SpaceWorks Enterprises, Inc. (SEI)
- Company type: Private
- Industry: Aerospace
- Founded: Atlanta, Georgia (August 1, 2000)
- Headquarters: Atlanta, Georgia
- Key people: John E. Bradford, PhD Chief Executive Officer Jon Wallace Chief Operating Officer Brad St. Germain Chief Technical Officer Chris Stroumpis Chief Financial Officer John R. Olds, PhD Chair and Founder
- Products: Aerospace engineering services and software
- Brands: SpaceWorks Engineering SpaceWorks Commercial SpaceWorks Software
- Number of employees: 60+
- Subsidiaries: Generation Orbit Launch Services, Inc. (GO) Terminal Velocity Aerospace, LLC (TVA) Blink Astro, LLC (Blink)
- Website: spaceworks.aero

= SpaceWorks Enterprises =

Aerospace company in Atlanta, United States

SpaceWorks Enterprises, Inc. (SEI) is an aerospace engineering company based in Atlanta, Georgia, United States that specializes in the design, assessment, hardware prototyping and flight demonstration of advanced space concepts for both government and commercial customers.

==History==
SEI was founded in 2000 by Dr.
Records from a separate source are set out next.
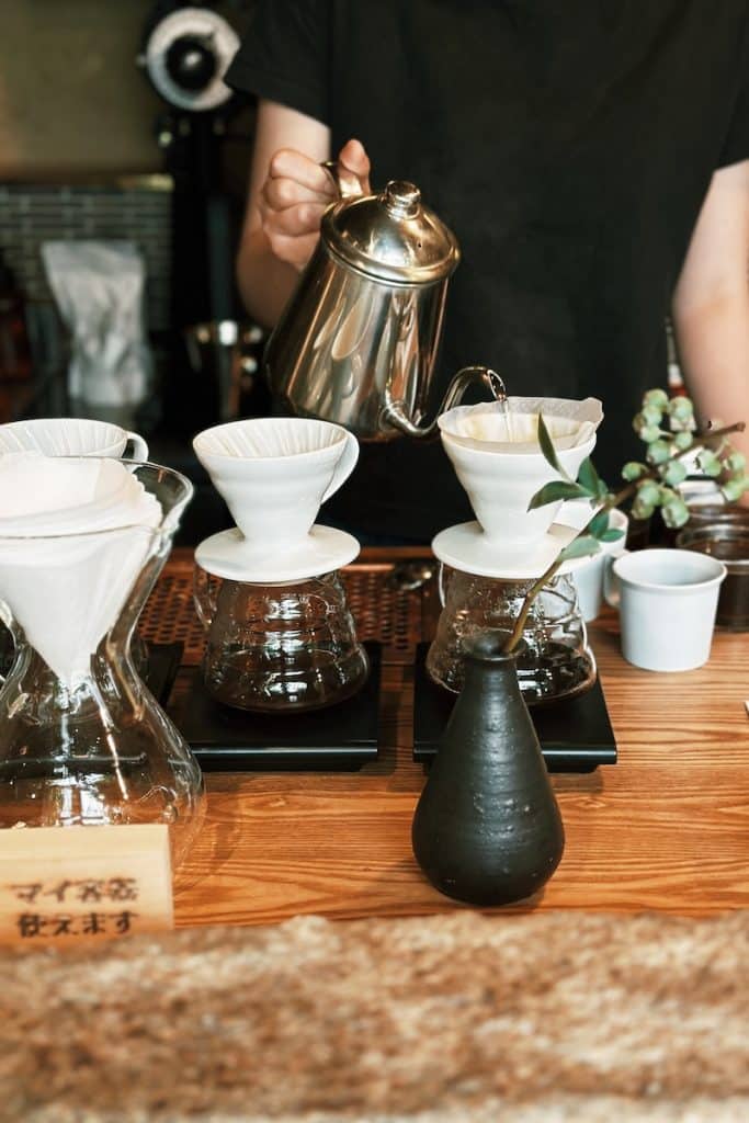 於是,翌日趁在 check-out 之前再去拜訪,可惜天公不造美,下雨拜訪顯得有點狼狽。因為停車場上沒有泊車阻擋,終於看到那家藏在不起眼角落、白色牆身的町家建築,早就有兩、三位人士在門前立飲。店內會擺放已裝入咖啡豆的小瓶,讓大家可了解咖啡的香氣後才購買。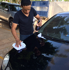João Vitor Rainho, 23 anos, mora na cidade de Presidente Prudente, é proprietário do estacionamento rainho. Estou muito contente com a qualidade e desempenho do Protect Dry. É muito pratico usar o produto. Antes eu tinha um problema grande pois molhava muitos lugares onde os clientes transitavam, causando transtornos. Agora utilizando o Protect Dry, eliminei grande parte da água que utilizava, me trazendo economia, e uma boa qualidade na limpeza dos veículos.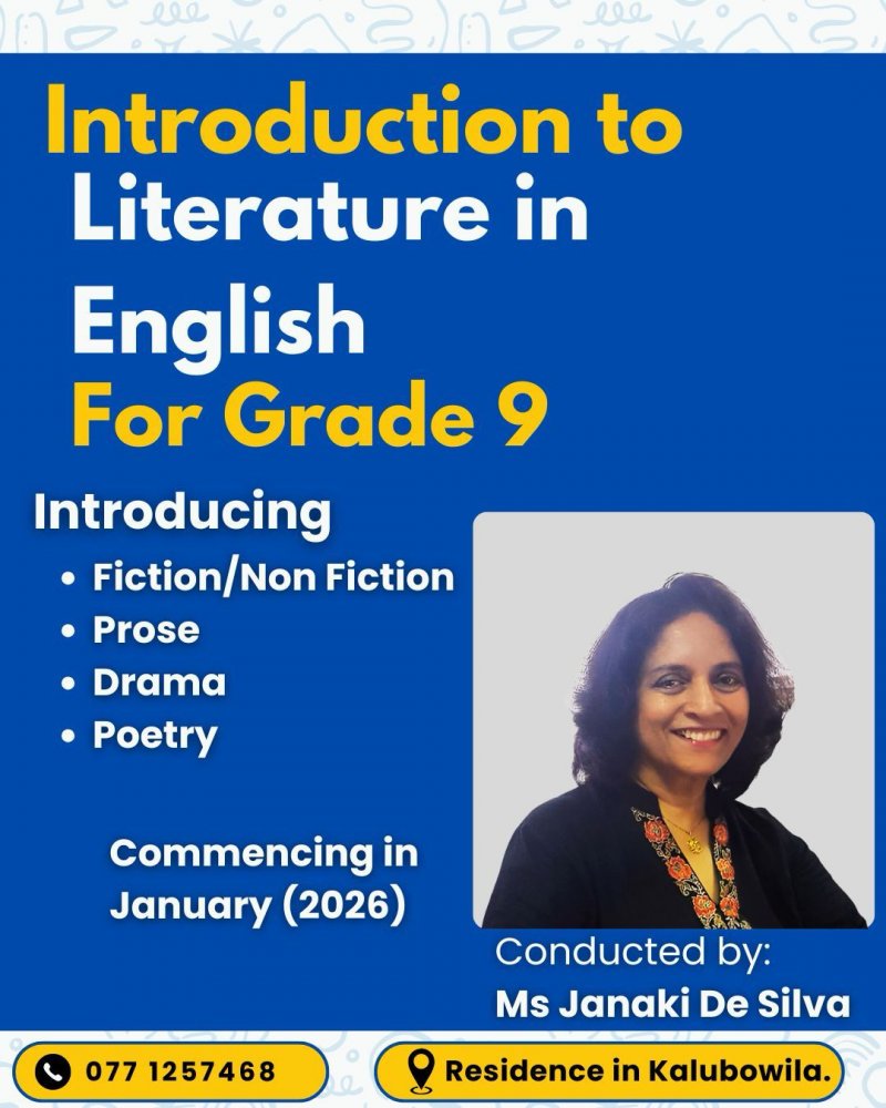 Expert and individualized coaching from Govt. trained English Graduate Teacher (B.A. in English- University of Peradeniya, PgDip. in TESL- University of Colombo). Former Marking Examiner- GCE O/L English Language and Literature. Former Head- English Medium section, at two leading government schools in Colombo. Small group classes conducted at SEHAS INSTITUTE, Pita Kotte. Customized online classes (individual and small group) can also be arranged at convenient times upon request.

John R. Olds, then a tenured professor in the school of aerospace engineering at the Georgia Institute of Technology in Atlanta, GA.^{,} The firm was previously known as SpaceWorks Engineering, Inc. and officially changed its name in 2011. Dr. Olds stepped down as CEO of SEI in August 2022; Dr. John Bradford assumed the role, while Dr. Olds remained as chair of the board of directors.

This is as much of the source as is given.